China and Russia recently opened an oil pipeline
from Daqing in northeast China to Skovorodino in eastern Russia. The line is 1,000
kilometers (621 miles) long and yearly capacity is 15 million tonnes.
The volume of Russian-Indian trade, in 2010,
increased by 14.4% compared with 2009 and amounted to $8.5 billion.
In 2010, India was 18th among foreign trade partners
of Russia, while Russia was listed 29th among foreign trade partners of
India.
Latin America
China's trade with Latin America is growing twice as
fast as U.S. trade with the region.
In 2007, Latin America's trade with China topped 100
billion U.S. dollars for the first time, just three years later trade was
worth 183 billion dollars.
India's bilateral trade with Latin America was $23
billion in 2010, a ten-fold increase from 2000. Indian-Latin American trade
involves not only commodities but manufactured goods as well.
Indonesia
According to the Indonesian Ambassador to India, Ani M Ghalib, bilateral trade
between India and Indonesia will reach $25 billion by 2015, trade between the
two countries today amounts to $12.7 billion.
By the end of the current fiscal year Indonesia will
be the second largest trading partner of India in the ASEAN region.

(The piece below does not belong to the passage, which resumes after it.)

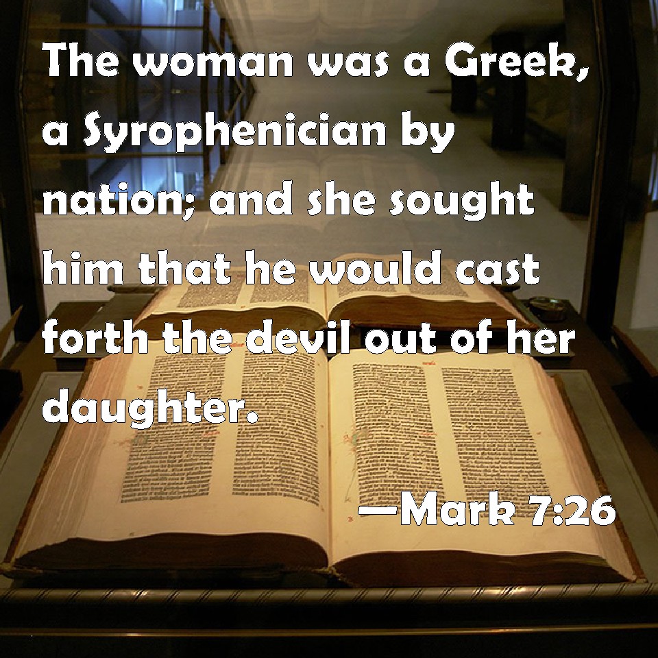 Choose a Background Mark 7:26 The woman was a Greek, a Syrophenician by nation; and she sought him that he would cast forth the devil out of her daughter. KJV: The woman was a Greek, a Syrophenician by nation; and she besought him that he would cast forth the devil out of her daughter. DRB: For the woman was a Gentile, a Syrophenician born. And she besought him that he would cast forth the devil out of her daughter. DBT: (and the woman was a Greek, Syrophenician by race), and asked him that he would cast the demon out of her daughter. ERV: Now the woman was a Greek, a Syrophoenician by race. And she besought him that he would cast forth the devil out of her daughter. WBT: (The woman was a Greek, a Syrophenician by nation,) and she besought him that he would cast forth the demon out of her daughter. WEB: Now the woman was a Greek, a Syrophoenician by race. She begged him that he would cast the demon out of her daughter. YLT: and the woman was a Greek, a Syro-Phenician by nation — and was asking him, that the demon he may cast forth out of her daughter.Links Mark 7:26 NIV • Mark 7:26 NLT • Mark 7:26 ESV • Mark 7:26 NASB • Mark 7:26 KJV • Mark 7:26 Interlinear • Mark 7:26 Commentaries • Mark 7:26 Parallel Texts • Mark 7:26 Bible Apps • Mark 7:26 Parallel • Bible Hub |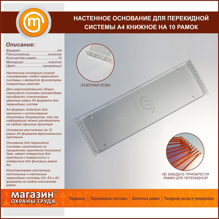 Настенное основание для перекидной системы А4 книжное на 10 рамок (оргстекло) в Пензе купить

Indonesia’s Industry Minister Mohamad Hidayat said Indonesia
and China aim to double two-way trade to $80 billion by 2015.
Disconnect
There has been a revolution in world trade - a new
pattern of trade is flowing, connecting Asia, the Middle East, Africa and
Latin America. Trade between China and South Asia is growing, China's trade
with Africa is expected to double by 2015, Africa's top trading partners, in
terms of bilateral trade volume, are China and India, over 50 per cent of
India's trade is now with other Asian countries while only 32 per cent is
with the United States and Europe. China's trade with Arab countries is
growing by 30 percent annually and India’s is expected to grow even
quicker. China's trade with Latin America is growing twice as fast as U.S.

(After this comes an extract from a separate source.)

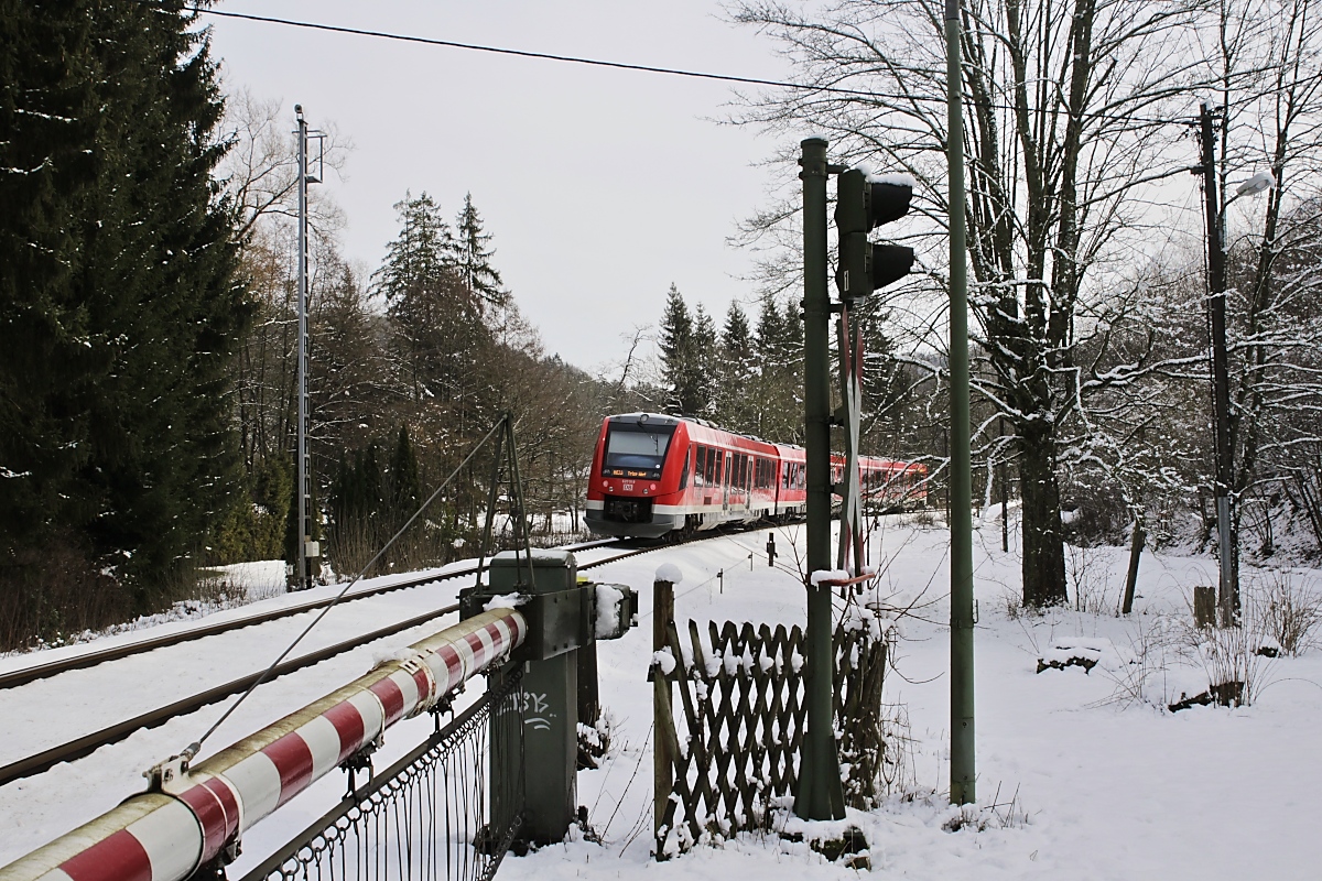 Am 28.02.2020 hat 620 016/516 mit seinem RE von Köln nach Trier gleich den Bahnhof Urft (Steinfeld) erreicht. Bei Temperaturen im Plusbereich sind die Unterschiede zwischen Schatten- und Sonnenseite schon gut erkennbar. Horst Lüdicke

trade with the region and India’s trade within the region has increased
10 fold in a decade.
The First Industrial Revolution started with
technological innovation driving the slow industrialization of the United
Kingdom in the 18th century which merged into the Second Industrial
Revolution around 1850. The start of the second industrial revolution was
marked by a transition of technological leadership from Britain to the United
States and Germany.
What is happening today is not being driven by
technological innovation or technological leadership, what’s driving
emerging economies today are urbanization,
population growth and consumerism. The US is still, by far, the leader in
technological innovation - emerging economies are simply playing catch-up
with the west. They want a better life for their families; schools, running
water, electricity, better sanitation, transportation and shelter. They want
increased consumerism, the flat screen TV’s and other electronic
devices that go along with a modern society and their increasing disposable
income - all of this is driving a commodities super-cycle.

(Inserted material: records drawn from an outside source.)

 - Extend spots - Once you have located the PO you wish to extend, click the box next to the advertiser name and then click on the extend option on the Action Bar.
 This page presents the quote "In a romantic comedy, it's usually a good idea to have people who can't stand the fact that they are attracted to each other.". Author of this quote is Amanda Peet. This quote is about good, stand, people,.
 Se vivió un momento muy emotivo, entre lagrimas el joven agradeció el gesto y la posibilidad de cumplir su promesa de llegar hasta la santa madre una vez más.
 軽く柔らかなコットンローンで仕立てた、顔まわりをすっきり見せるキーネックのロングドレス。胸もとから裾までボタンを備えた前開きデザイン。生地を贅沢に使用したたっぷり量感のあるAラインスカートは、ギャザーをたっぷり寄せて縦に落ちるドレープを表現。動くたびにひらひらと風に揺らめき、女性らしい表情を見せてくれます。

Infrastructure spending and increased discretionary
spending by consumers are the key factors driving this rising demand - as
more and more people in emerging markets move from rural areas to the cities,
consumption will increase putting massive upward pressure on commodities -
per capita consumption of commodities in developing countries is still only a
fraction of the level it is in developed countries.
"By 2030, income per head in China - using
market exchange rates, which include our view of a stronger CNY - could have
risen from USD 4,166 in 2010 to USD 21,420. China, currently a big but poor
economy, would become a middle-income economy - but on a vastly larger
scale...Income changes elsewhere are no less impressive. India, for instance,
is projected to go from USD 1,164 in 2010 to USD 7,380 by 2030, Latin America
from USD 7,114 to USD 14,608, and Sub-Saharan Africa from USD 1,075 to USD
2,780." Gerald Lyons, chief economist
Standard Chartered
In 2000, developing countries were home to 56% of
the global middle class, by 2030 that figure is expected to reach 93%.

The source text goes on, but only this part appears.